In 1558, Captain Juan Rodríguez Suárez led an expedition from Pamplona (in present-day Colombia) into the Sierra Nevada. Upon entering a deep, long valley bordered by two towering mountain ranges, he founded a town and named it Mérida, after his birthplace in Spain.
When the governor of Pamplona learned that someone had been traveling around Nueva Granada founding cities without proper authority, he sent out an expedition to track down Rodríguez Suárez and bring him to justice. He was caught, arrested for 'usurpation of Royal prerogative', and found guilty. But Suárez was able to flout Spanish authority - he fled to Trujillo, where he was granted political asylum, and became the first political refugee in the New World.
In a petty revenge, the colonial bureaucracy sent out a certain Juan de Maldonado from Pamplona, with all his paperwork in order, to re-found Mérida; he did so in 1560, legally.
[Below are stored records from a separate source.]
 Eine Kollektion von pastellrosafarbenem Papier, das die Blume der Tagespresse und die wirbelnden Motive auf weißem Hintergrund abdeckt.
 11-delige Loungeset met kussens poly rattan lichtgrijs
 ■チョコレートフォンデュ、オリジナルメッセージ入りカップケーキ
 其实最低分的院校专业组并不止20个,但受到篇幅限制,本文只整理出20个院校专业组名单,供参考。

Posterity, however, has judged in favor of the adventurer - Rodríguez Suárez is today recognized as the founder of the city, and 1558 is celebrated as the year of Mérida's true, if illegitimate, birth.
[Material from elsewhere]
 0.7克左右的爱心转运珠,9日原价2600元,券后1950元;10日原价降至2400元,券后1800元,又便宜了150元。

A 1812 earthquake devastated the tiny town and further hindered its development. After Venezuela's independence, the isolation that had long retarded Mérida's progress suddenly became its ally. During the federation wars in the mid-19th century, when Venezuela was plunged into full-blown civil war, the city's solitude attracted refugees fleeing the bloodshed, and the population began to grow.
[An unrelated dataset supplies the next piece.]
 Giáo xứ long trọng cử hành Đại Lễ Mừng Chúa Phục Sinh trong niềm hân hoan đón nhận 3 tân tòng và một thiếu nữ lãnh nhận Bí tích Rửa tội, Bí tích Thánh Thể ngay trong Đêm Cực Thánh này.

It was not until the 1920s, however, that access roads were constructed and later paved, smoothing the way for Mérida's subsequent development. Its transition from a town into a city, however, has predominantly taken place over the past few decades.
Today, Mérida is a city with a big personality. The Universidad de Los Andes (Venezuela's second-oldest university) now teaches about 50,000 students in different campuses throughout the city, giving Mérida a sizable academic community and an atmosphere that is both cultured and bohemian. There are plenty of tourist facilities - Mérida is now Venezuela's major center for adventure sports and outdoor activities. The latest adrenaline craze is canyoning.